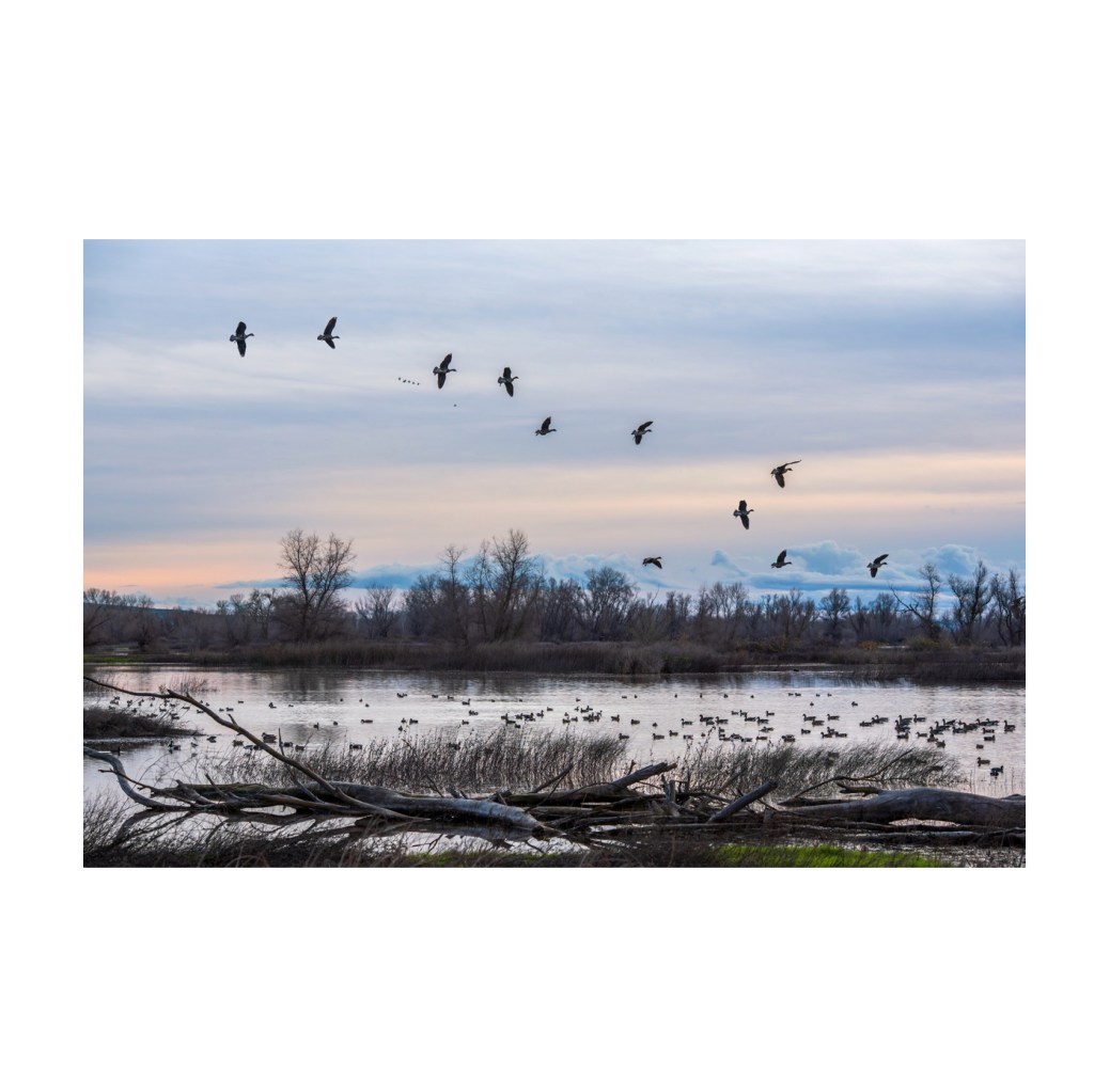 I have donated a copy of the FEATURED IMAGE, (f/5.6, 1/200s, ISO 360 @110 mm), repeated below for convenience, which I took at the Gray Lodge on January 23, 2024. The subdued colors are the environmental colors I found there, on a lovely evening of fresh air after rain, and high bird activity. There were some clouds covering the Sutter Buttes in the distance, and the sunset was fast approaching.
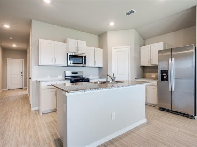 **Move in for less! 50% off the normal 1 month security deposit.** Be the first to live in this beautiful new single-story 4 bedroom home. Enjoy moving into a spotless home with brand-new flooring, paint, and fixtures—no wear and tear from previous tenants because everything is new! No need to shop internet carriers or wait for installation; internet is already provided and ready to go the day you move in. That's one less monthly bill to budget for. Even better, it’s equipped with smart home features for remote access & control – adjust lights, thermostat, and locks from your phone whether you’re at home, work, or traveling. The open-concept kitchen faces the breakfast nook and living room and overlooks the backyard. Kitchen has granite countertops and stainless steel appliances including a gas range! Large island and corner pantry—perfect for cooking and entertaining. The split-bedroom layout provides privacy, with 3 bedrooms at the front and a spacious primary suite at the back. The primary includes ensuite bathroom with an oversized step-in shower and large walk-in closet. Brand-new washer, dryer, and refrigerator included. Energy-efficient tankless water heater. Covered backyard patio creates an inviting space for BBQs, gatherings, or relaxed evenings with friends and family. Located in subdivision of Hickory Grove, a master-planned community. Highly rated Krum ISD. Location provides easy access to I-35, universities, hospitals, and shopping. Planned amenities to come include community pools and multiple playgrounds, making this a great place to relax and connect. Lovely home combines comfort, convenience, and community—ready for move in today!
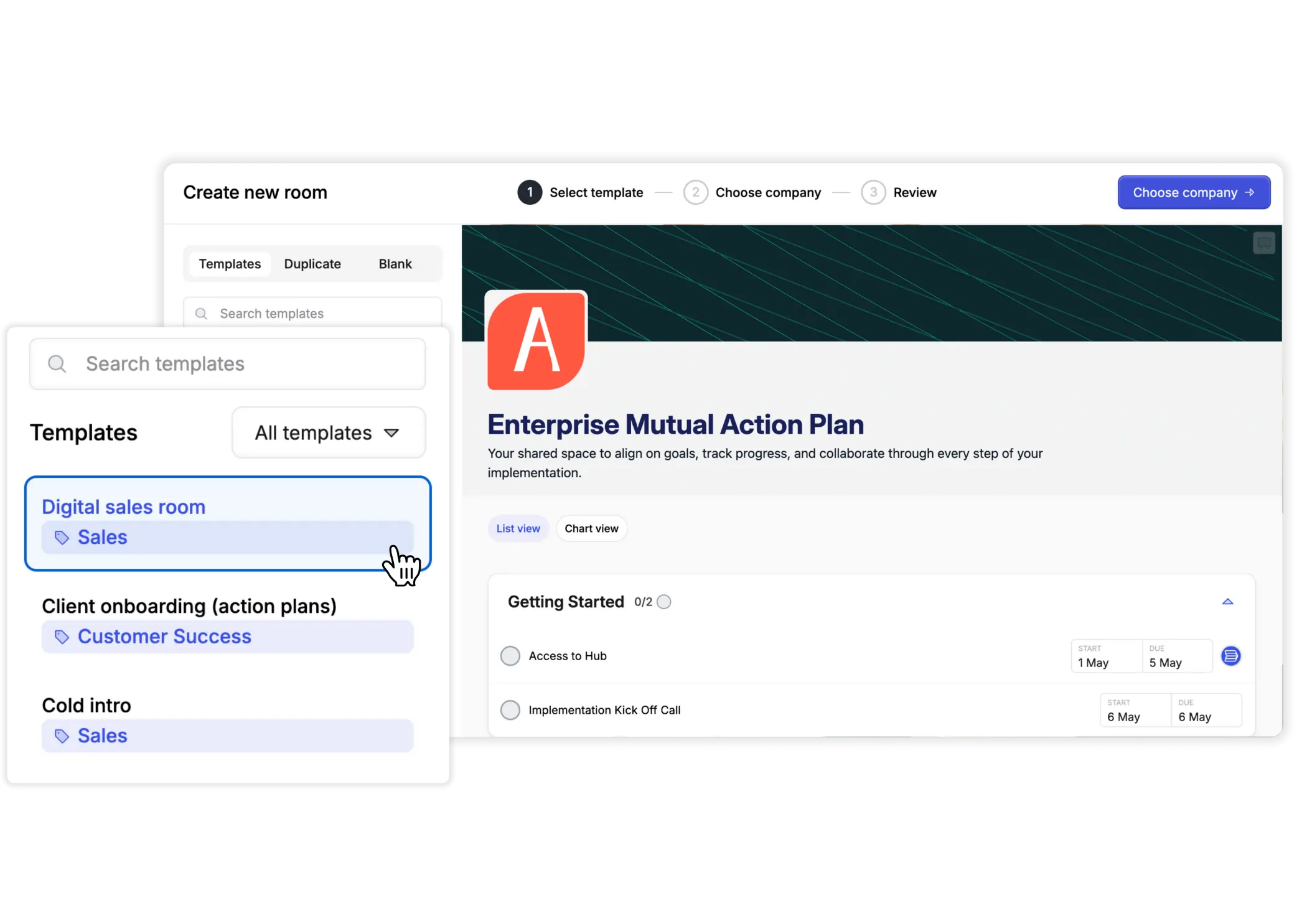 Replace messy email threads & spreadsheets with a single, step-by-step mutual action plan that keeps everyone engaged and on track for sales & onboarding.
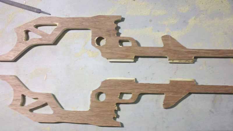 Here is the stock (so far). It consists of two layers of 10 ply oak laminate 3/4 inch plywood joined together. The barrel chanel was made by routing each panel separately then joining them together. The stock will be very lightly stained, then varnished. The tank will be powder coated black and the barrel will be anodized black. There will be various scope mounts, barrel brackets and the like that will be machined aluminum, anodized black. I have tested the system up to 600 psi. I would like to run 800 psi through it. We shall see!
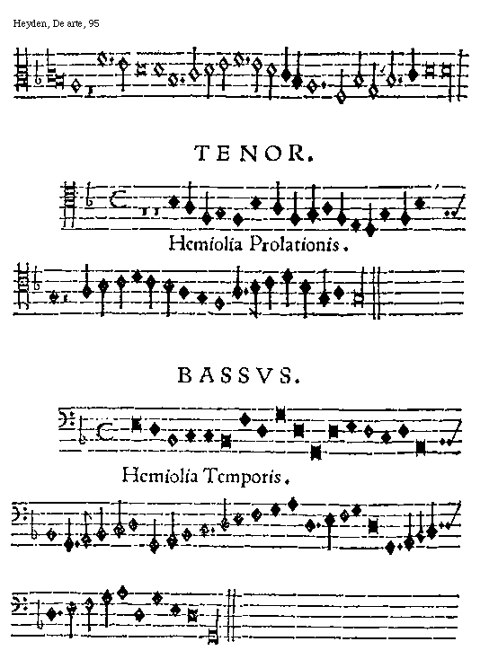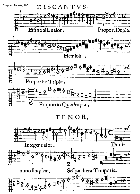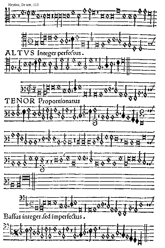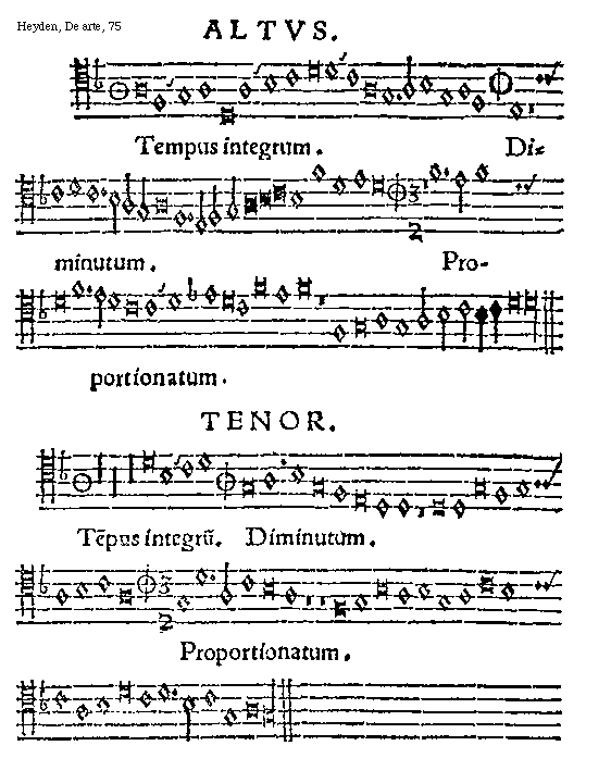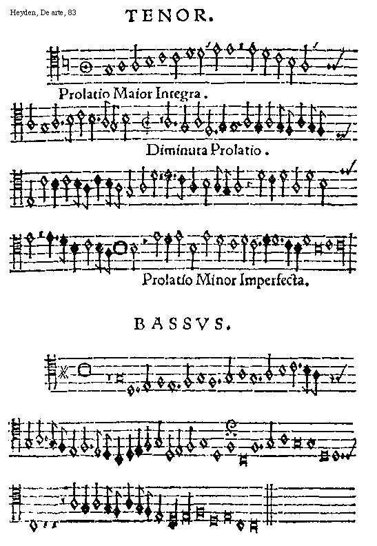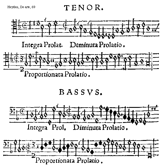 [69][Heyden, De arte, 69; text: TENOR. Integra Prolatio. Dtminuta Prolatio. Proportionata Prolatio. BASSVS, Diminuta Prolatio.]
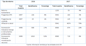 En ese informe se reconoce lo que muchas veces hemos denunciado, y es que “Las coberturas de atención de los beneficiarios de la Ley 1565 de 2012 en los programas ofrecidos por las entidades que conforman la CIR son reducidas”, y por ello consideran necesario “fortalecer la oferta de servicios y hacer un seguimiento a la atención de los beneficiarios, a través de los Subcomités de la CIR.”
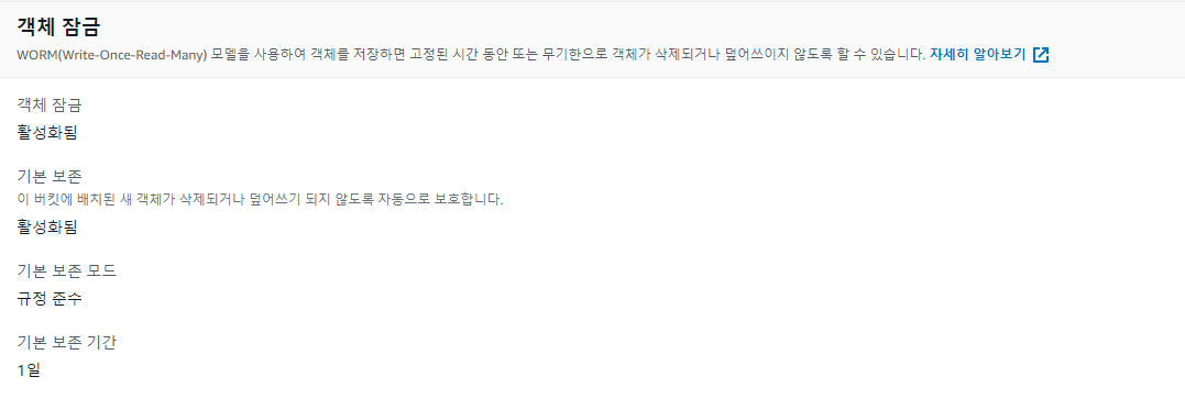 볼트기능 ON시켜서 버킷을 생성하면 볼트 OFF불가(영구 볼트 ON)
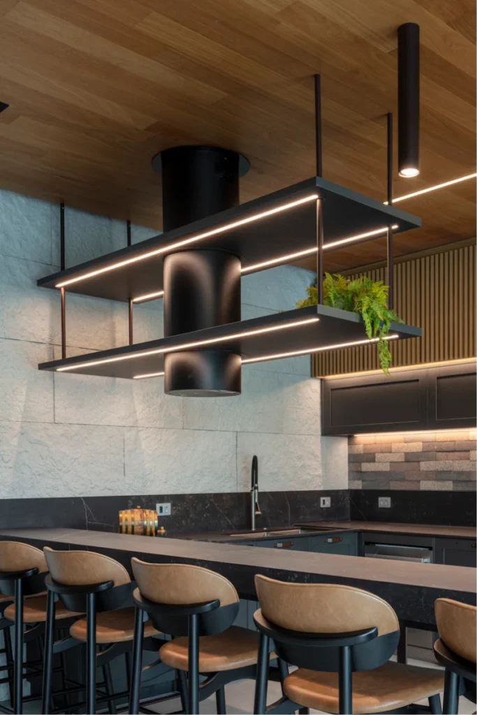 Para equilibrar os volumes, o armário superior em padrão ripado madeirado cria uma separação discreta e elegante entre os elementos, trazendo textura e acolhimento ao conjunto. A seleção do acabamento do puxador foi pensada com precisão: ele conversa perfeitamente com o pé da bancada, que traz um metal em aço corten, o mesmo acabamento Vecchio Metallo, garantindo unidade e harmonia em todo o projeto.
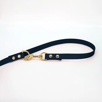 Edle Biothane Hundeleine mit goldener Messing Hardware.
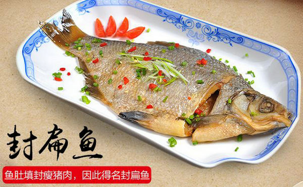封扁鱼,是含山县独有的地方特产,得名于其独特的民间工艺,保留鲜活鳊鱼的完整体型,在鳊鱼腹腔内填封肥瘦适中的猪肉,经传统腌制、卤泡制作而成,其成品肉质细嫩、醇香味美。近来年,经安徽省好再来食品有限公司推广,封扁鱼已逐步发展成为含山乃至巢湖最具代表的地方特产之一。
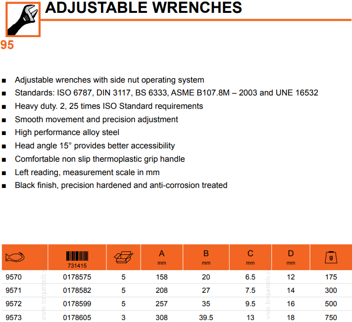 - Mỏ lết Bahco 9570, Bahco adjustable wrench 9570 chuyên dùng để siết bulong, đai ốc trong công nghiệp., có độ mở max: 20 mm, chiều dài 158 mm.
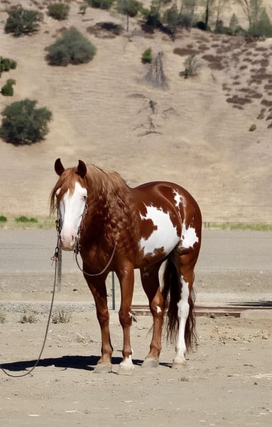 ONLINE AUCTION Place your bids at www.PlatinumEquineAuction.com Starting Bid $3500 Auction ends July 27th 2025 Need a new saddle? Check out White Rock Saddles on our website or Facebook If any horse was ever born to be famous, it’s this one. Axl Rose is a stunning 15.1-hand, 8-year-old Paint/Draft cross gelding with this beautiful long, flowing mane and tail and a presence that stops people in their tracks. He’s the kind of horse who turns heads wherever he goes—you’ll feel like he should be signing autographs! Axl Rose is as gentle as he is eye-catching. With his calm, cool attitude and go-anywhere mindset, he’s a true pleasure to ride. He’s been in multiple parades and handled them like a pro—unbothered by sirens, crowds, honking semis, or heavy traffic. Nothing rattles this guy. In the arena, Axl Rose moves with grace and ease. He lopes slow and soft, carries himself in a relaxed frame, has a solid stop, and a nice ranch-style turnaround.He is one of the smoothest horses we have ever rode. He has also been used to gather,rope and is so eager and willing to do whatever you ask, Whether you’re out to do a job on the ranch or just enjoy the ride, he’s right there with you, giving his all. Out on the trail, Axl is a steady and confident partner. He’s been across all types of terrain, through creeks, over bridges, and calmly walks along without a fuss. He has seen all sorts of obstacles and will conquer bridges, tires and walkovers with ease he has also carried flags,tarps and bouncy balls without a care in the world. He has a great brain and a kind heart, making him a dream for any level of rider. Axl is also incredibly friendly—he’ll greet you at the gate, follow you around like a puppy, and loves attention. He clips, bathes, and ties with ease, stands tied anywhere, is great in both stall and pasture, and hauls like a seasoned traveler. If you’re looking for a family-safe, drop-dead gorgeous, sweet-as-they-come gelding who’ll be the talk of the barn, Axl Rose is your man. Located in Paicines, CA. Contact Dina with Longhorn Ranch 831-537-1915 with any questions. ONLINE AUCTION Place your bids at www.PlatinumEquineAuction.com Starting Bid $3500 Auction ends July 27th 2025 Need a new saddle? Check out White Rock Saddles on our website or Facebook
^^^^^^^^
▶ EXERCISE OBJECTIVE
Could you output the entire listing verbatim while omitting its pictures?

▶ FINISHED EXERCISE
 I have donated a copy of the FEATURED IMAGE, (f/5.6, 1/200s, ISO 360 @110 mm), repeated below for convenience, which I took at the Gray Lodge on January 23, 2024. The subdued colors are the environmental colors I found there, on a lovely evening of fresh air after rain, and high bird activity. There were some clouds covering the Sutter Buttes in the distance, and the sunset was fast approaching.
 **Move in for less! 50% off the normal 1 month security deposit.** Be the first to live in this beautiful new single-story 4 bedroom home. Enjoy moving into a spotless home with brand-new flooring, paint, and fixtures—no wear and tear from previous tenants because everything is new! No need to shop internet carriers or wait for installation; internet is already provided and ready to go the day you move in. That's one less monthly bill to budget for. Even better, it’s equipped with smart home features for remote access & control – adjust lights, thermostat, and locks from your phone whether you’re at home, work, or traveling. The open-concept kitchen faces the breakfast nook and living room and overlooks the backyard. Kitchen has granite countertops and stainless steel appliances including a gas range! Large island and corner pantry—perfect for cooking and entertaining. The split-bedroom layout provides privacy, with 3 bedrooms at the front and a spacious primary suite at the back. The primary includes ensuite bathroom with an oversized step-in shower and large walk-in closet. Brand-new washer, dryer, and refrigerator included. Energy-efficient tankless water heater. Covered backyard patio creates an inviting space for BBQs, gatherings, or relaxed evenings with friends and family. Located in subdivision of Hickory Grove, a master-planned community. Highly rated Krum ISD. Location provides easy access to I-35, universities, hospitals, and shopping. Planned amenities to come include community pools and multiple playgrounds, making this a great place to relax and connect. Lovely home combines comfort, convenience, and community—ready for move in today!
 Replace messy email threads & spreadsheets with a single, step-by-step mutual action plan that keeps everyone engaged and on track for sales & onboarding.
 Here is the stock (so far). It consists of two layers of 10 ply oak laminate 3/4 inch plywood joined together. The barrel chanel was made by routing each panel separately then joining them together. The stock will be very lightly stained, then varnished. The tank will be powder coated black and the barrel will be anodized black. There will be various scope mounts, barrel brackets and the like that will be machined aluminum, anodized black. I have tested the system up to 600 psi. I would like to run 800 psi through it. We shall see!
 [69][Heyden, De arte, 69; text: TENOR. Integra Prolatio. Dtminuta Prolatio. Proportionata Prolatio. BASSVS, Diminuta Prolatio.]
 En ese informe se reconoce lo que muchas veces hemos denunciado, y es que “Las coberturas de atención de los beneficiarios de la Ley 1565 de 2012 en los programas ofrecidos por las entidades que conforman la CIR son reducidas”, y por ello consideran necesario “fortalecer la oferta de servicios y hacer un seguimiento a la atención de los beneficiarios, a través de los Subcomités de la CIR.”
 볼트기능 ON시켜서 버킷을 생성하면 볼트 OFF불가(영구 볼트 ON)
 Para equilibrar os volumes, o armário superior em padrão ripado madeirado cria uma separação discreta e elegante entre os elementos, trazendo textura e acolhimento ao conjunto. A seleção do acabamento do puxador foi pensada com precisão: ele conversa perfeitamente com o pé da bancada, que traz um metal em aço corten, o mesmo acabamento Vecchio Metallo, garantindo unidade e harmonia em todo o projeto.
 Edle Biothane Hundeleine mit goldener Messing Hardware.
封扁鱼,是含山县独有的地方特产,得名于其独特的民间工艺,保留鲜活鳊鱼的完整体型,在鳊鱼腹腔内填封肥瘦适中的猪肉,经传统腌制、卤泡制作而成,其成品肉质细嫩、醇香味美。近来年,经安徽省好再来食品有限公司推广,封扁鱼已逐步发展成为含山乃至巢湖最具代表的地方特产之一。
 - Mỏ lết Bahco 9570, Bahco adjustable wrench 9570 chuyên dùng để siết bulong, đai ốc trong công nghiệp., có độ mở max: 20 mm, chiều dài 158 mm.
 ONLINE AUCTION Place your bids at www.PlatinumEquineAuction.com Starting Bid $3500 Auction ends July 27th 2025 Need a new saddle? Check out White Rock Saddles on our website or Facebook If any horse was ever born to be famous, it’s this one. Axl Rose is a stunning 15.1-hand, 8-year-old Paint/Draft cross gelding with this beautiful long, flowing mane and tail and a presence that stops people in their tracks. He’s the kind of horse who turns heads wherever he goes—you’ll feel like he should be signing autographs! Axl Rose is as gentle as he is eye-catching. With his calm, cool attitude and go-anywhere mindset, he’s a true pleasure to ride. He’s been in multiple parades and handled them like a pro—unbothered by sirens, crowds, honking semis, or heavy traffic. Nothing rattles this guy. In the arena, Axl Rose moves with grace and ease. He lopes slow and soft, carries himself in a relaxed frame, has a solid stop, and a nice ranch-style turnaround.He is one of the smoothest horses we have ever rode. He has also been used to gather,rope and is so eager and willing to do whatever you ask, Whether you’re out to do a job on the ranch or just enjoy the ride, he’s right there with you, giving his all. Out on the trail, Axl is a steady and confident partner. He’s been across all types of terrain, through creeks, over bridges, and calmly walks along without a fuss. He has seen all sorts of obstacles and will conquer bridges, tires and walkovers with ease he has also carried flags,tarps and bouncy balls without a care in the world. He has a great brain and a kind heart, making him a dream for any level of rider. Axl is also incredibly friendly—he’ll greet you at the gate, follow you around like a puppy, and loves attention. He clips, bathes, and ties with ease, stands tied anywhere, is great in both stall and pasture, and hauls like a seasoned traveler. If you’re looking for a family-safe, drop-dead gorgeous, sweet-as-they-come gelding who’ll be the talk of the barn, Axl Rose is your man. Located in Paicines, CA. Contact Dina with Longhorn Ranch 831-537-1915 with any questions. ONLINE AUCTION Place your bids at www.PlatinumEquineAuction.com Starting Bid $3500 Auction ends July 27th 2025 Need a new saddle? Check out White Rock Saddles on our website or Facebook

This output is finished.